> [REQUIRED ACTION]: Exactly the lines from the one holding "7月24日晚,首艘國(guó" through the end of the material below must be printed, nothing more, and the pictures must be dropped.

> [GIVEN DATA]:
****************************************

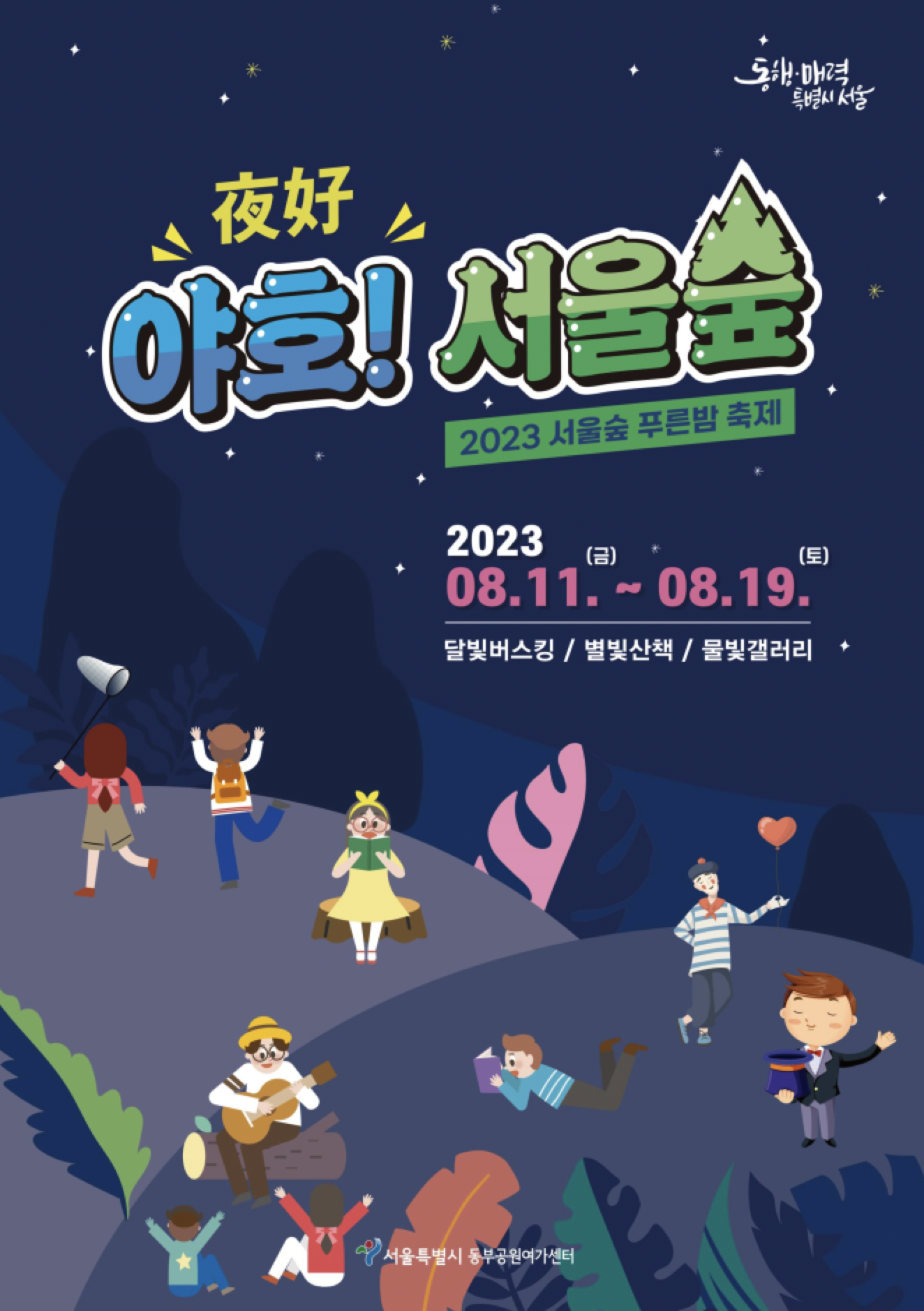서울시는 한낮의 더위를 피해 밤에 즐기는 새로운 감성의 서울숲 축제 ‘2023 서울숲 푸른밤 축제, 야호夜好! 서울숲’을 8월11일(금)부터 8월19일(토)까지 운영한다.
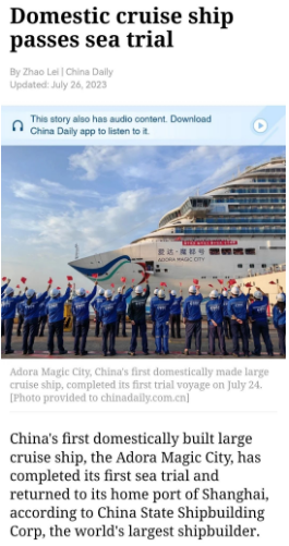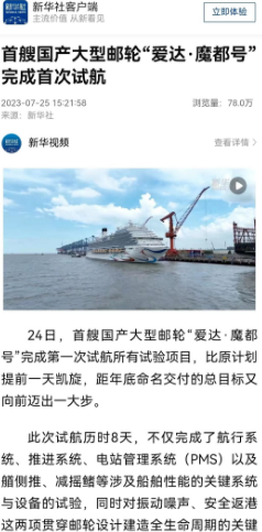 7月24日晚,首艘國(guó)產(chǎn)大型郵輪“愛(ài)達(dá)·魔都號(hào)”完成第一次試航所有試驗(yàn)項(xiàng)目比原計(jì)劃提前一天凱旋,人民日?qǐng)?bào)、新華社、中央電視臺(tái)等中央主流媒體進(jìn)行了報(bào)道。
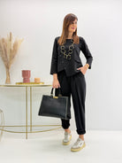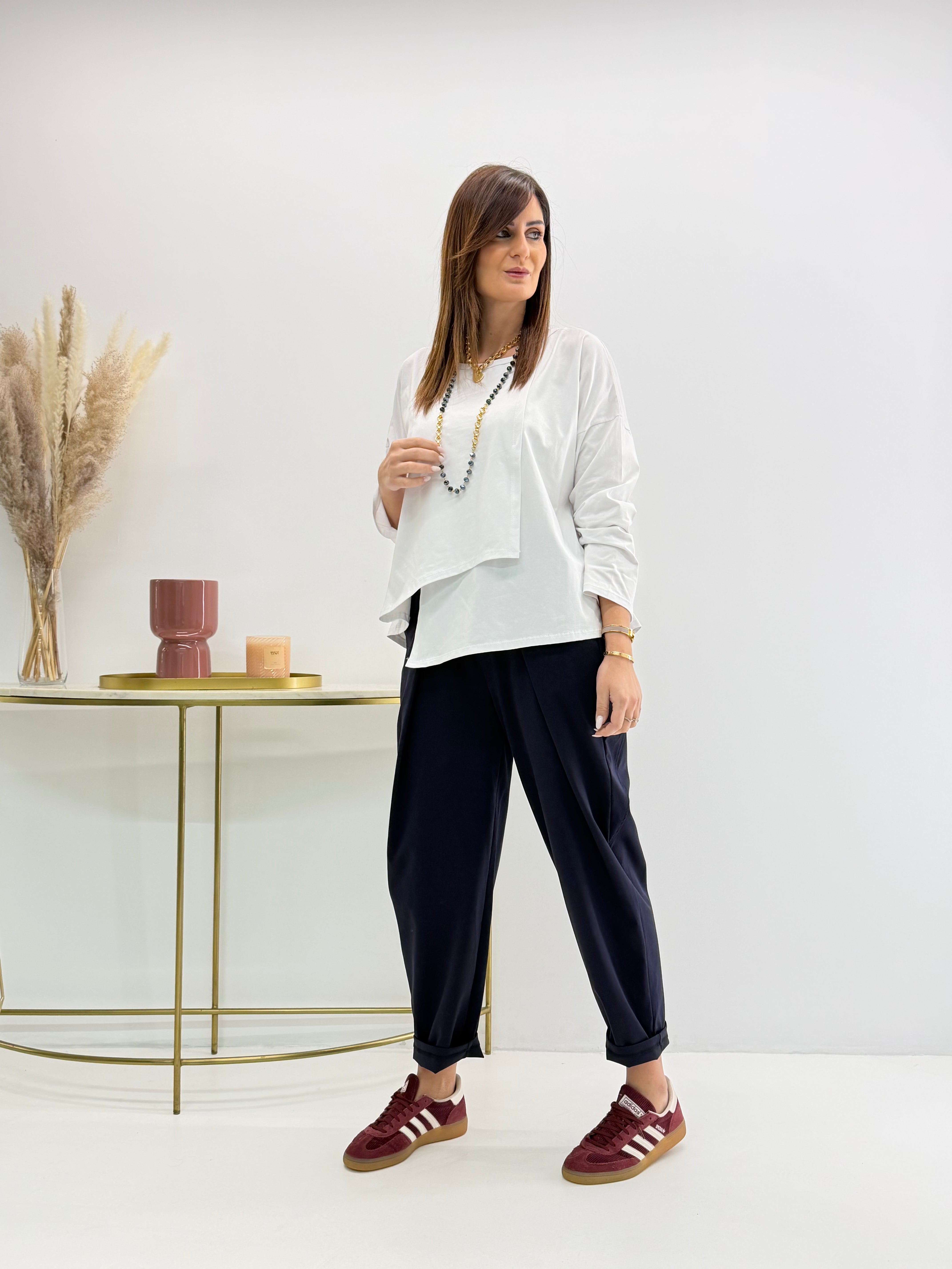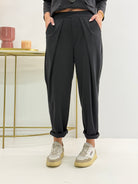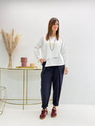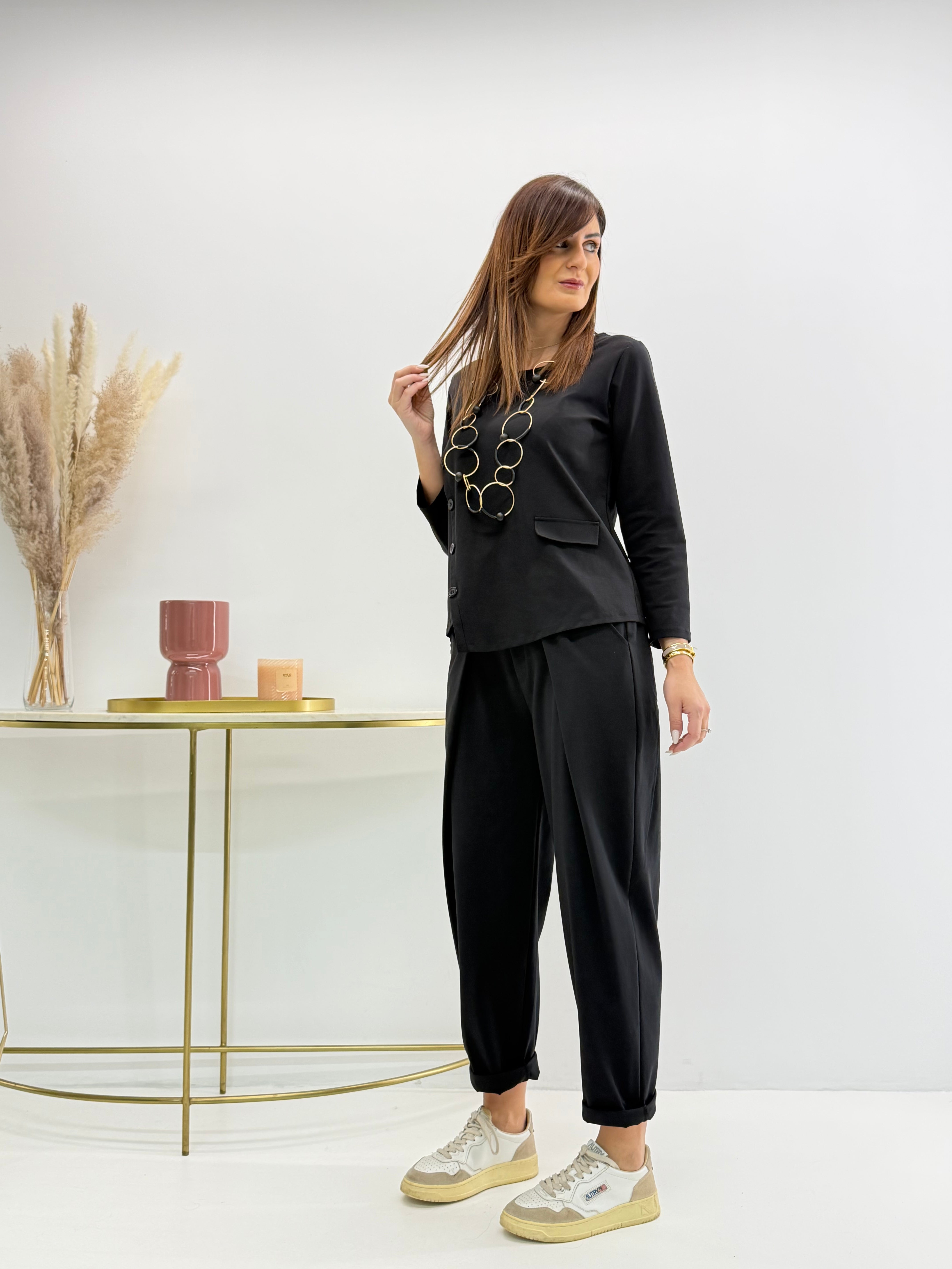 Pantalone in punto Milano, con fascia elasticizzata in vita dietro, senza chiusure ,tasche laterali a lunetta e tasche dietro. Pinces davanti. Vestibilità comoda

****************************************

> [RESPONSE]:
 7月24日晚,首艘國(guó)產(chǎn)大型郵輪“愛(ài)達(dá)·魔都號(hào)”完成第一次試航所有試驗(yàn)項(xiàng)目比原計(jì)劃提前一天凱旋,人民日?qǐng)?bào)、新華社、中央電視臺(tái)等中央主流媒體進(jìn)行了報(bào)道。
 Pantalone in punto Milano, con fascia elasticizzata in vita dietro, senza chiusure ,tasche laterali a lunetta e tasche dietro. Pinces davanti. Vestibilità comoda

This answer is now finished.